> [INSTRUCTIONS FOR THE TASK]: Please reproduce the entries exactly as they appear below, but not the pictures.

** Opening INFORMATION block **

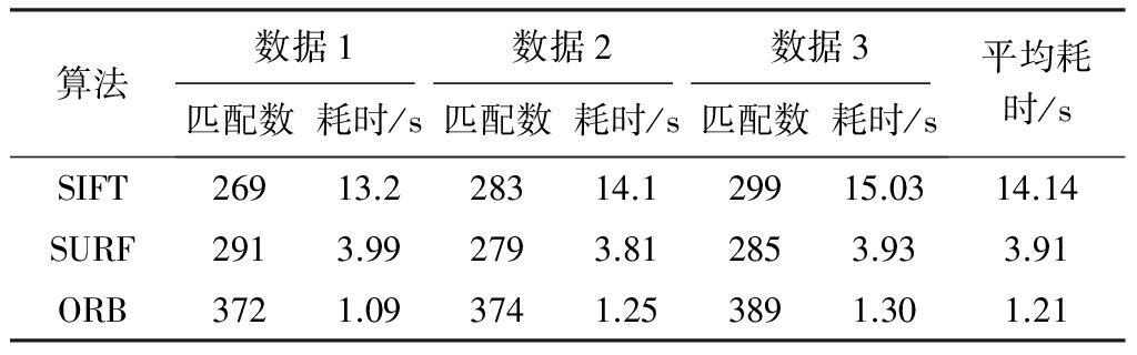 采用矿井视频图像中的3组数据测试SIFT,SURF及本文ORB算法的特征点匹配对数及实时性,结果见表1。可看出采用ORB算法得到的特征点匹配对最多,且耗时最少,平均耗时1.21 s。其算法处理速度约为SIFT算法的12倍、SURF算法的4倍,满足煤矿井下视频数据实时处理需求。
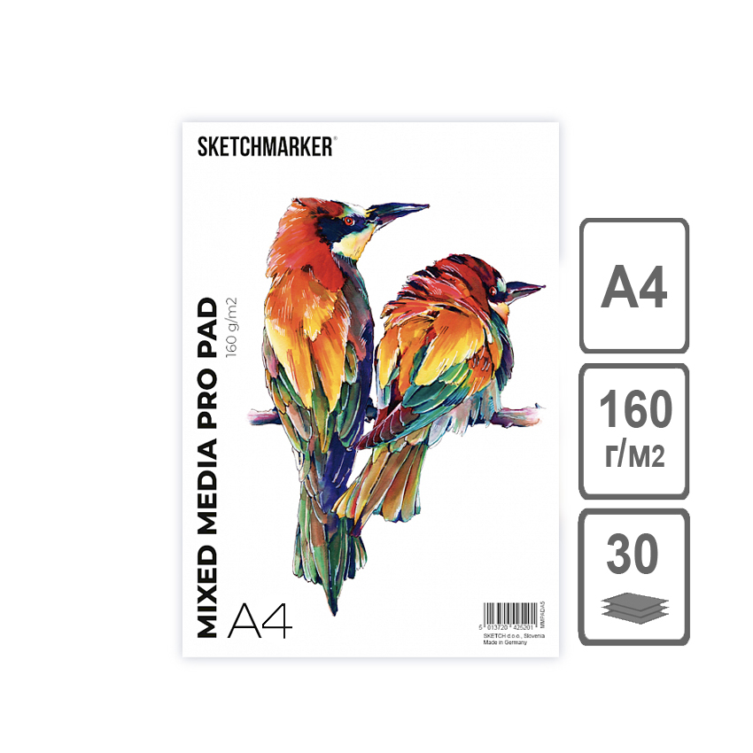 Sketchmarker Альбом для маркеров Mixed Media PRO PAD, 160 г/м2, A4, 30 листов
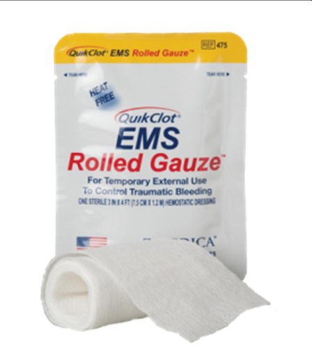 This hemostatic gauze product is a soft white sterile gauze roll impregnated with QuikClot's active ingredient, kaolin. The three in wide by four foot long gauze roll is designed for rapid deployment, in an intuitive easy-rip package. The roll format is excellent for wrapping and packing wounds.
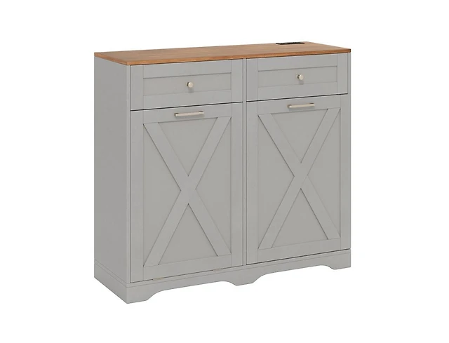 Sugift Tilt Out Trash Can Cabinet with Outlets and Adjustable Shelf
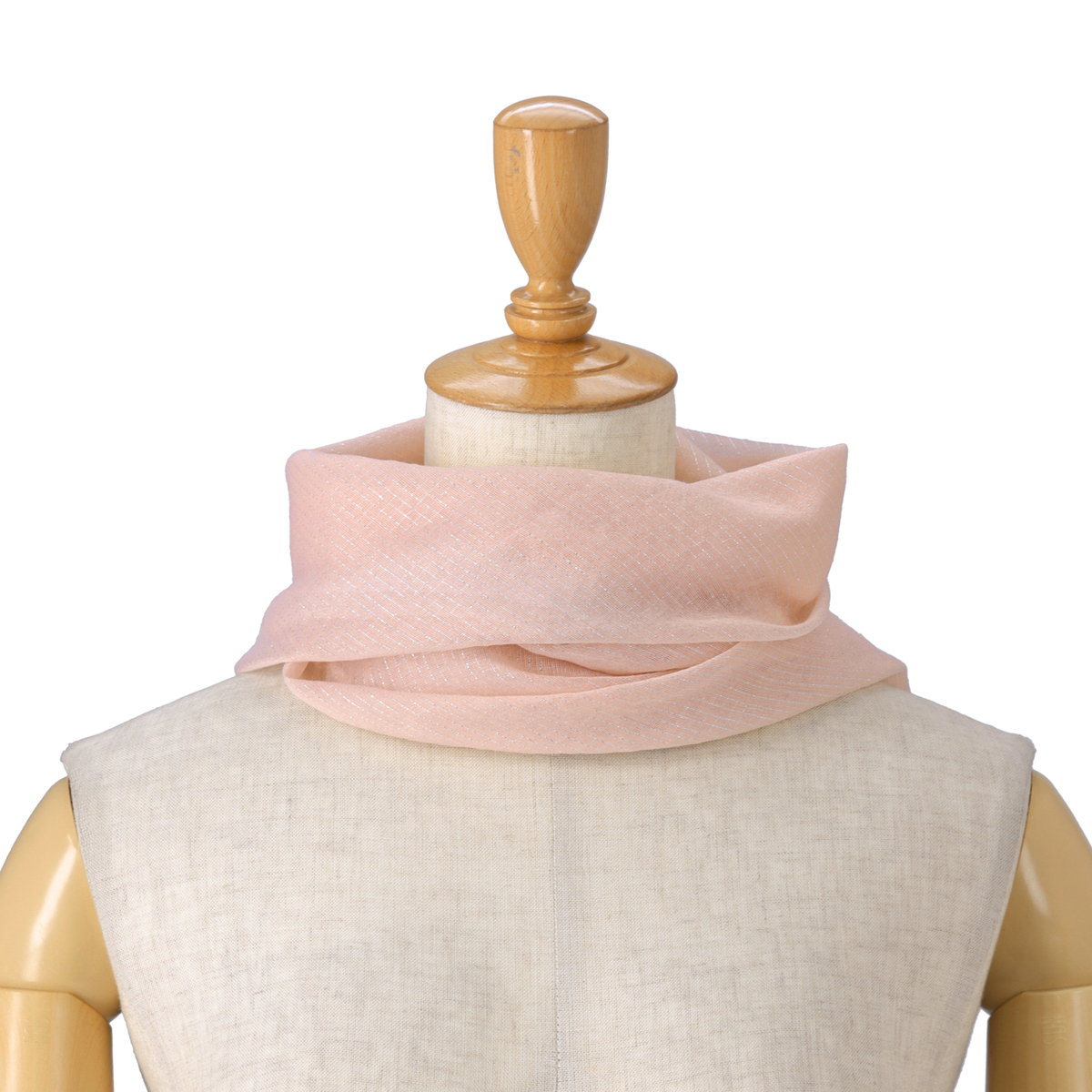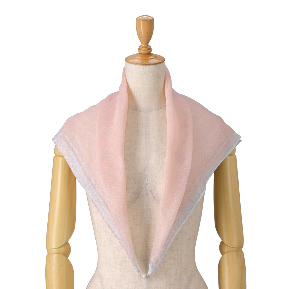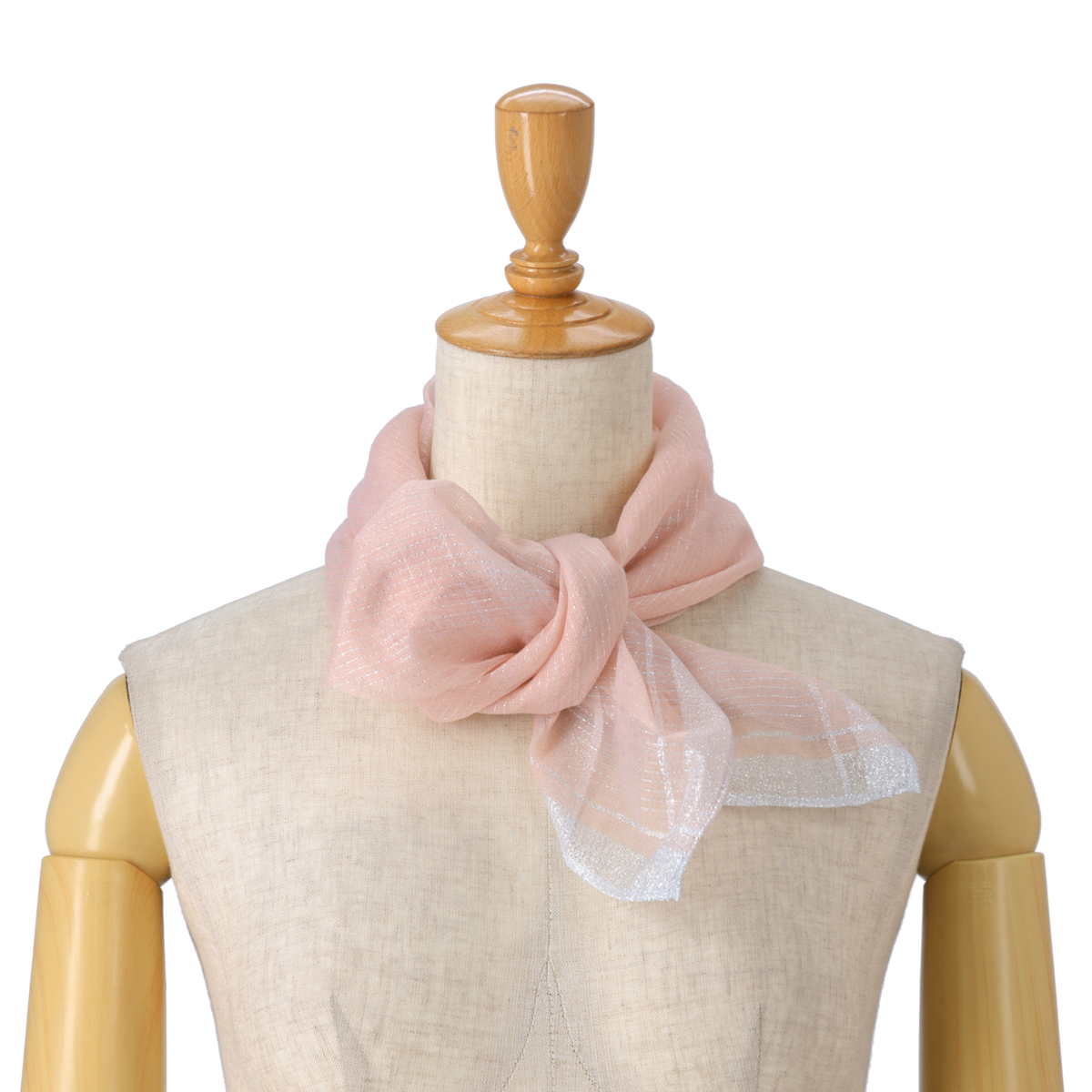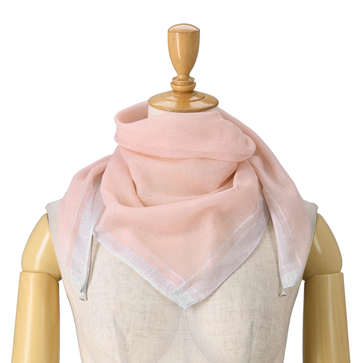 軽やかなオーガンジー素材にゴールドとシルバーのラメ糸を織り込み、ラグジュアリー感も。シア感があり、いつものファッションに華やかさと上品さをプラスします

** Closing INFORMATION block **

> [ANSWER FOR THIS EXERCISE]:
 采用矿井视频图像中的3组数据测试SIFT,SURF及本文ORB算法的特征点匹配对数及实时性,结果见表1。可看出采用ORB算法得到的特征点匹配对最多,且耗时最少,平均耗时1.21 s。其算法处理速度约为SIFT算法的12倍、SURF算法的4倍,满足煤矿井下视频数据实时处理需求。
 Sketchmarker Альбом для маркеров Mixed Media PRO PAD, 160 г/м2, A4, 30 листов
 This hemostatic gauze product is a soft white sterile gauze roll impregnated with QuikClot's active ingredient, kaolin. The three in wide by four foot long gauze roll is designed for rapid deployment, in an intuitive easy-rip package. The roll format is excellent for wrapping and packing wounds.
 Sugift Tilt Out Trash Can Cabinet with Outlets and Adjustable Shelf
 軽やかなオーガンジー素材にゴールドとシルバーのラメ糸を織り込み、ラグジュアリー感も。シア感があり、いつものファッションに華やかさと上品さをプラスします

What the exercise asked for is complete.